Davis comments that the American jazz and pop ethos expects musicians to put their own stamp on pieces in the repertoire, their own arrangements, their own sounds, their own style, often even their own tempo.  He remarks that the same isn’t true in classical music.  But it wasn’t always so: Bach writing versions of tunes by Telemann or Vivaldi, Liszt and Brahms writing variations on pieces by other people, Mozart re-orchestrating Handel.  They did this for the same reason that jazz arrangers take tunes by Gershwin and Ellington and Coltrane and make their own version – because they love the tunes and want to be part of them.  Composition in this manner is more of a community enterprise, less burdened by strictures of isolated individualism, while composers (and arrangers) still remain individualists.  Still happens some in classical, but it’s not central to the ethos.

Davis lavishes just praise on clarinetist and multi-instrumentalist Don Byron for combining jazz and hip hop.

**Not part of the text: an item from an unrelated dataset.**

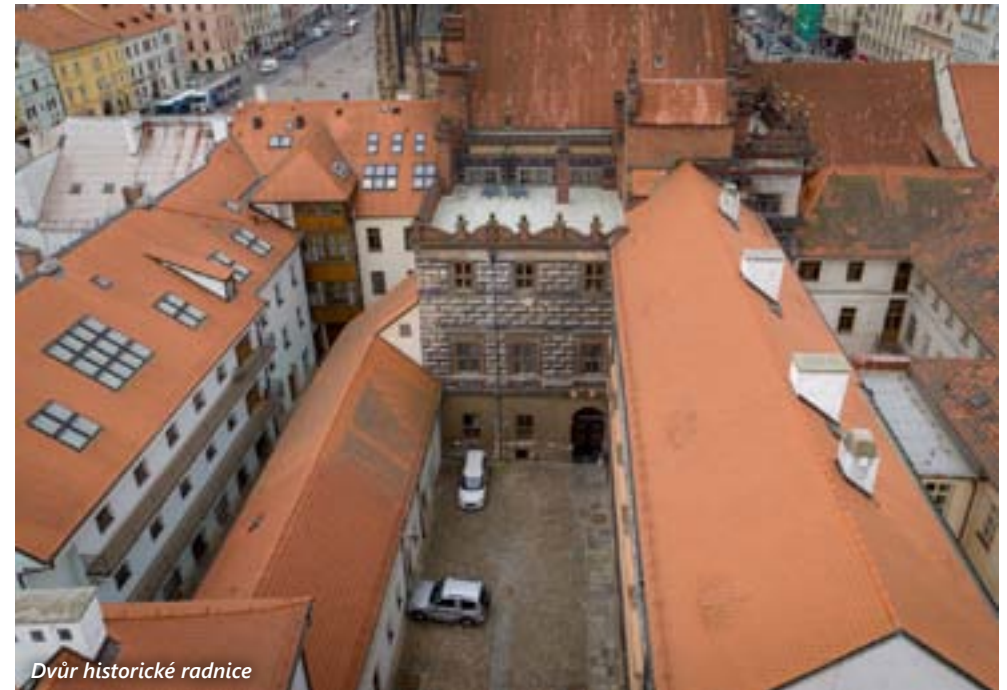
Dvůr historické radnice
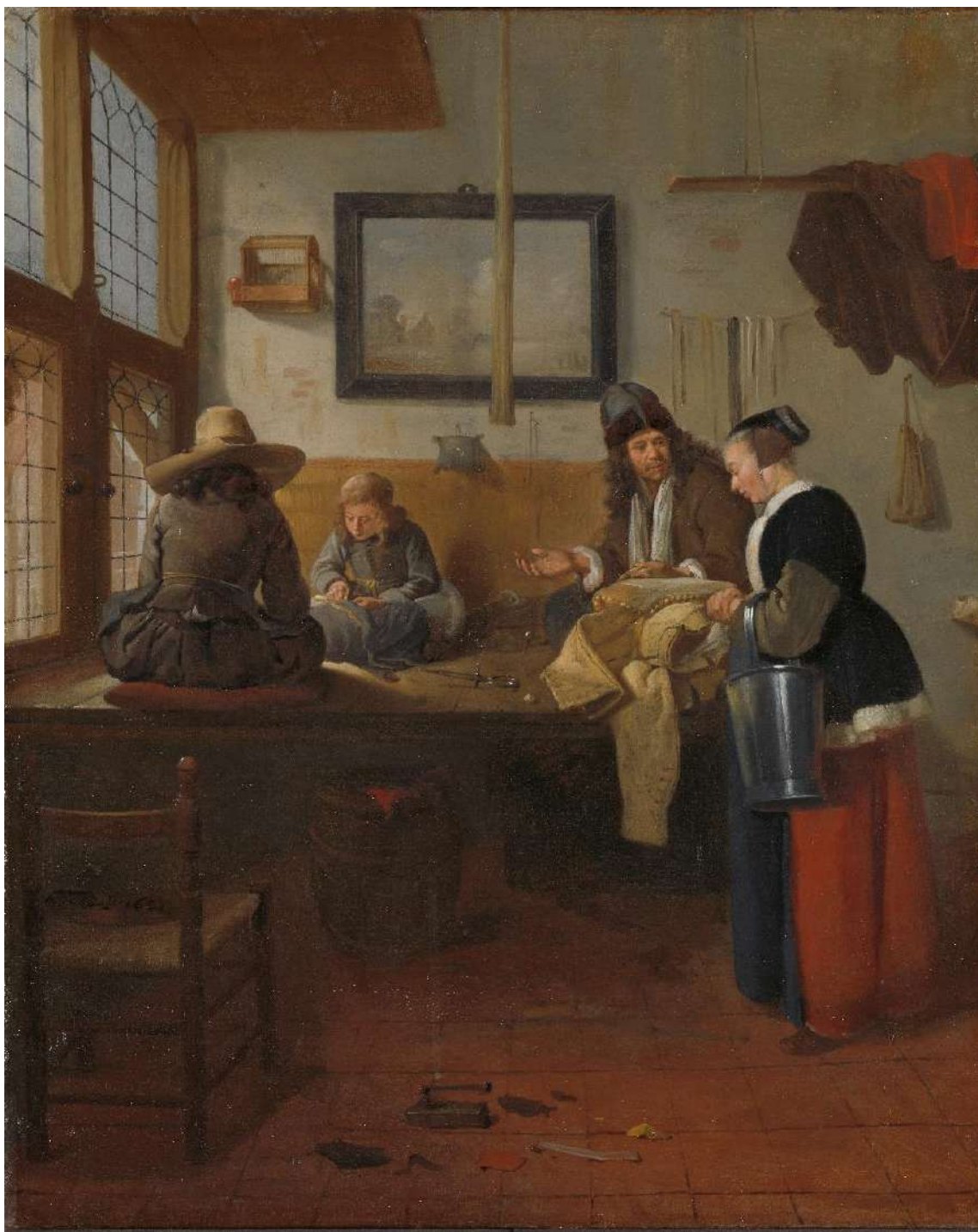
Figura 16. Quiringh Gerritsz. van Brekelenkam, El taller del sastre , 1661, Rijksmuseum (Ámsterdam).

Este traspaso se materializó a través de mujeres que, según la relación que tuviesen con el maestro del taller, transferían la propiedad o permitían el fortalecimiento del obrador, a otros hombres dedicados al mismo oficio. En el caso de las hijas del propietario, fue común que contrajesen nupcias con un hombre ocupado en la misma tarea, en ocasiones un oficial del

Byron has been blurring the lines between genres for a long time.  His collection “A Fine Line: Arias and Lieder” is a red hot fave – pieces by Chopin, Schumann, and Verdi sit next to tunes by Bernstein, Sondheim, Holland-Dozier-Holland, Roy Orbison, Ornette Coleman, and Stevie Wonder.  Byron shows that American pop and jazz hold vast melodic riches.  And he backs up his contention with gorgeous, energetic arrangements and playing.  His version of the Four Tops’ “(Reach Out) I’ll Be There,” a duet with pianist Uri Caine, never fails to give me thrills. 

I have this probably overly romanticized idea that music used to be whole.  Anything that got written down became “classical” after the passage of time.  J. Strauss and Sousa (and Offenbach?) were pop; now they’re classical.  The advent of recording has distorted this process.  We don’t need note-readers to recreate Spencer Williams’s “Basin Street Blues,” because we can always listen to Louis Armstrong’s gorgeous recording or Bob Wills’s great version or many many others.  But as wonderful as those recordings are, nothing beats hearing it played well live. Which is why music lovers want these institutions to thrive.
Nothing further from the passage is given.